Avoid These 5 Common Data Pitfalls to Maximize the Impact of an Analytics Program 


Leveraging data is incredibly hard.

Operating in an analytics-driven manner is a priority for agencies across the U.S. public sector. In part, this change is due to mandates like the Federal Data Strategy but also a desire to replicate the private sector data-first approach. 

Unfortunately, leveraging data is incredibly hard. Time and again, I’ve seen groups and individuals tasked with delivering digital transformations tripped up by stalled projects, never-ending timelines and blown budgets on bad tech decisions.

Identifying these challenges and planning how to address them before embarking on a new analytics project can dramatically increase the chance of success. 

Here are the five most common pitfalls that I have seen IT leaders fall prey to during digital transformations. 

Pitfall 1: Not Moving Data to the Cloud

If your agency isn’t planning to migrate to the cloud, you will be subject to rising operations and maintenance costs for infrastructure. At this point, security concerns have been largely mitigated. The cloud is more elastic and cost-effective than your in-house solution, more straightforward to maintain, scalable and more likely to be fault-tolerant. With the explosion of secure cloud environments dedicated to the U.S. government, there is little reason not to make a move.

Pitfall 2: Believing Data Lakes Will Solve Data Volume Problems

Many agencies assume if they load all their data into a data lake—a centralized repository—they’ll be able to correlate all their data sets. The reality is that this action typically results in data swamps, not data lakes.

It’s a problem of garbage in, garbage out. Let’s say a quartermaster needs to account for troops working at two different duty stations. If the two record sets are merged, soldiers would be over-counted by the number of duplicates. The net result is your analytics will be garbage, and your machine learning models will fail. Agencies need to clean their data lakes with a data curation system that will solve these problems before trusting downstream analytics.
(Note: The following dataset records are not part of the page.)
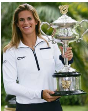
Amélie Mauresmo (FRA) Champion 2006
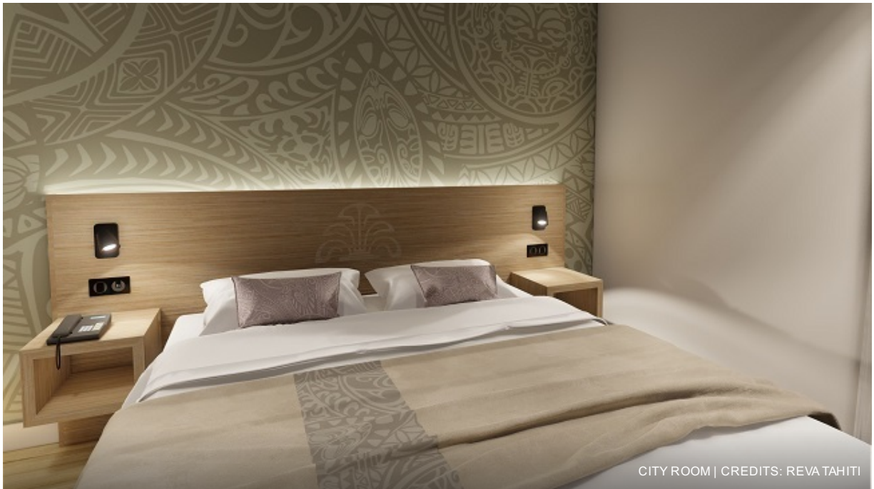
CITY ROOM | CREDITS: REVA TAHITI

Overnight stay in Tahiti at Reva Tahiti in a City Room.
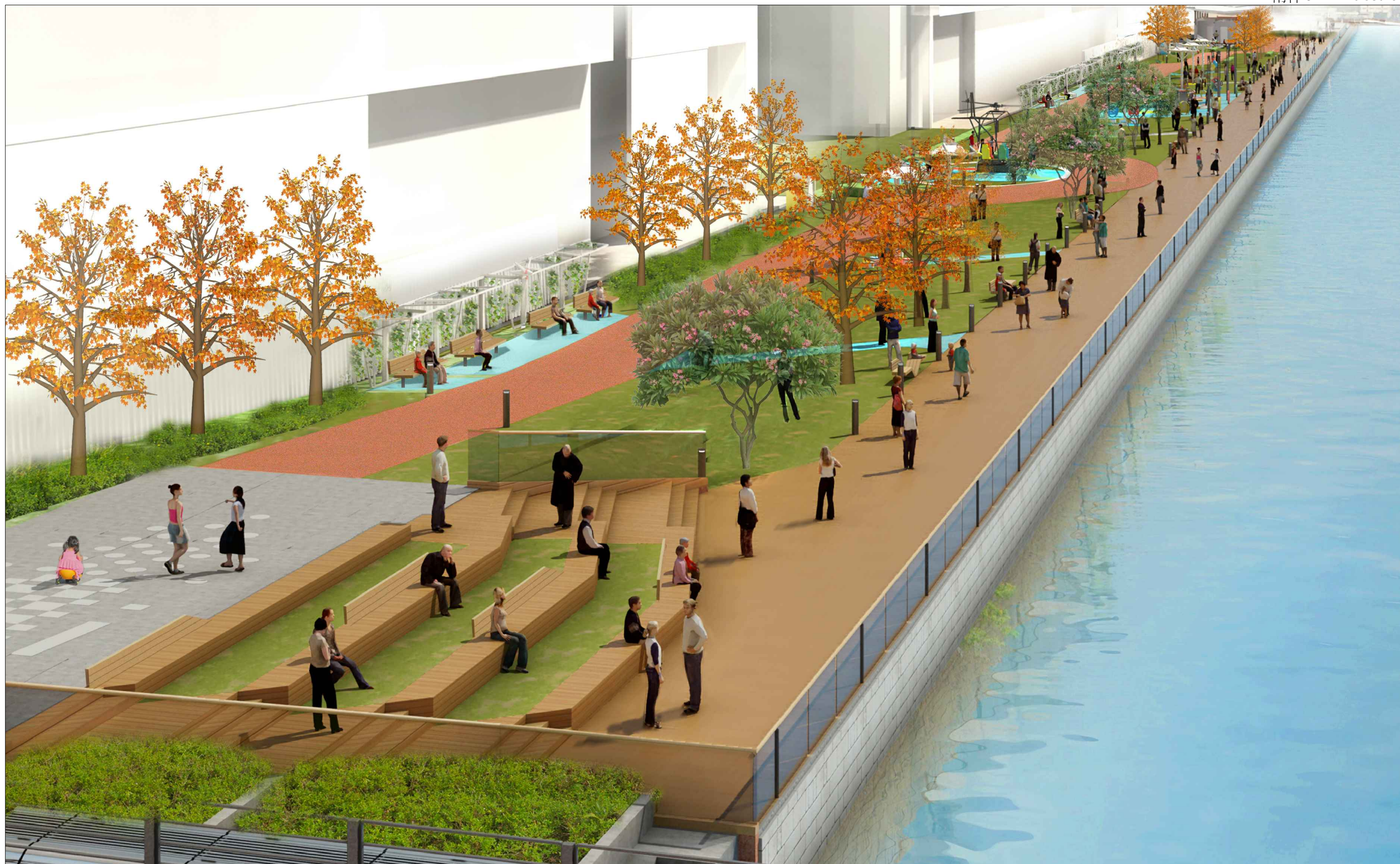
從西南面望向海濱的構思圖 PERSPECTIVE VIEW FROM SOUTH WESTERN DIRECTION (ARTIST'S IMPRESSION)

452RO 香港兒童醫院旁的海濱長廊 WATERFRONT PROMENADE ADJACENT TO THE HONG KONG CHILDREN'S HOSPITAL
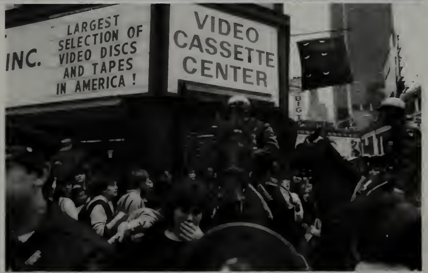
NERVOUS MOMENTS - Police horses and a swarm of Duran Duran fans were frightened of each other as officers tried to clear the sidewalks at Video Shack's 49th & Broadway Manhattan location. Over 150 policemen were on hand to quell a brief period of disorder caused by Duran Duran's in-store appearance in support of their new Video 45. (see story, page 12).
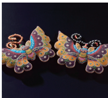
Bed ornaments Penang, early 20th century Cotton, beads, metal thread

93 Stamford Road, Singapore 178897 nationalmuseum.sg
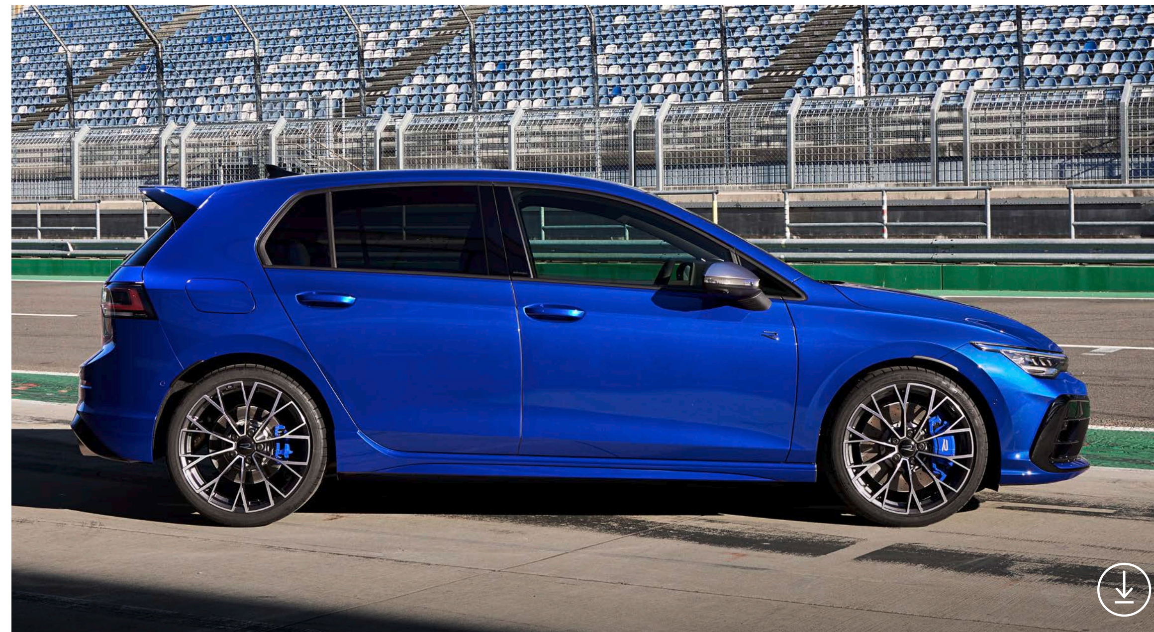
The Golf R with the optional 19-inch Warmenau forged wheels.

and the 4MOTION all-wheel drive system with R-Performance torque vectoring.
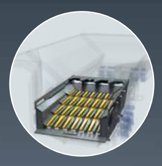
Patented innovation: RM Active Grid® - up to 30 % higher throughput
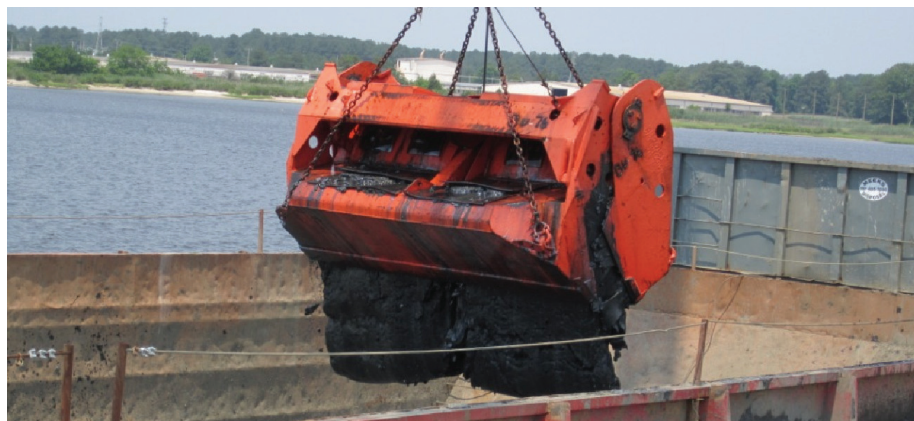
The first phase of the project included dredging 750 cubic yards of Polycyclic Aromatic Hydrocarbon (PAH) contaminated sediments and using a wetland cap to isolate river contamination. Phase II began in the summer of 2011 when the Elizabeth River Project dredged over 15,500 cubic yards of highly contaminated sediment out of the river and replaced it with clean sand.

Through the CARE process, Elizabeth River engaged industry, regulators, and citizens to develop a detailed design for dredging contaminated sediments from the river and constructing the first known living cap of its kind
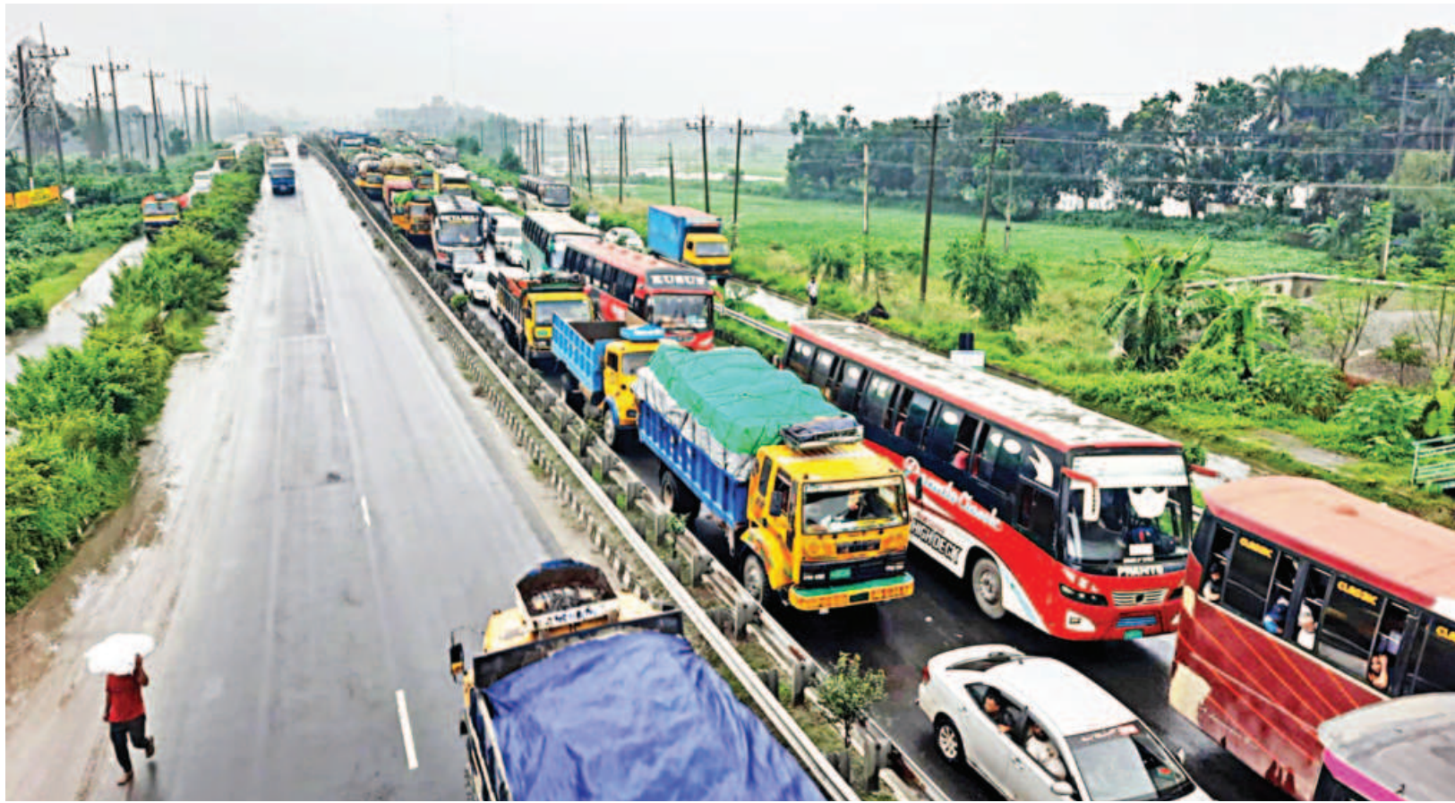
Vehicles leaving Dhaka for the northern districts are stuck in a 25km gridlock from the eastern end of Bangabandhu Bridge to the bypass road in Tangail town. Highway police said the jam was created due to heavy flow of traffic, incessant rains, and reckless driving. The photo was taken at Rasulpur in Tangail Sadar upazila around 4:00pm yesterday.

Pitfall 3: Not Solving Your Dirty Data Problem

You’ve hired data scientists, so you think you’ve got big data analytics covered. However, it’s crucial to look at how they are spending their time. Unfortunately, most of their time (typically more than 80%) is spent cleaning data and integrating it with other sources. This is not time well-spent and eventually, these people will leave; which leads to the next pitfall.

Pitfall 4: Not Planning for AI and Machine Learning to Be Disruptive

The U.S. public sector has been slow to move to AI/ML compared to many U.S. commercial companies but make no mistake: Change is coming. AI will displace some of your workers and has the potential to upend how you handle your operations. 

Begin now to transition tasks that may move to AI/ML. Find creative ways in the pay band structures to hire AI/ML experts and expect to pay up for them.  If necessary, contract out such tasks.

Pitfall #5: Not Willing to Combine Data Sets with Outside Agency Datasets

Agencies that feel they cannot connect their datasets with public data or other agencies’ datasets miss valuable information. There is so much emerging technology creating exabytes of usable data every day that can be useful for aiding the warfighter or achieving mission objectives. Agencies must be willing to seek out data enrichment opportunities and incorporate the resulting data into their environments.

Michael Stonebraker is co-founder of Tamr and recipient of the 2014 A.M. Turing Award.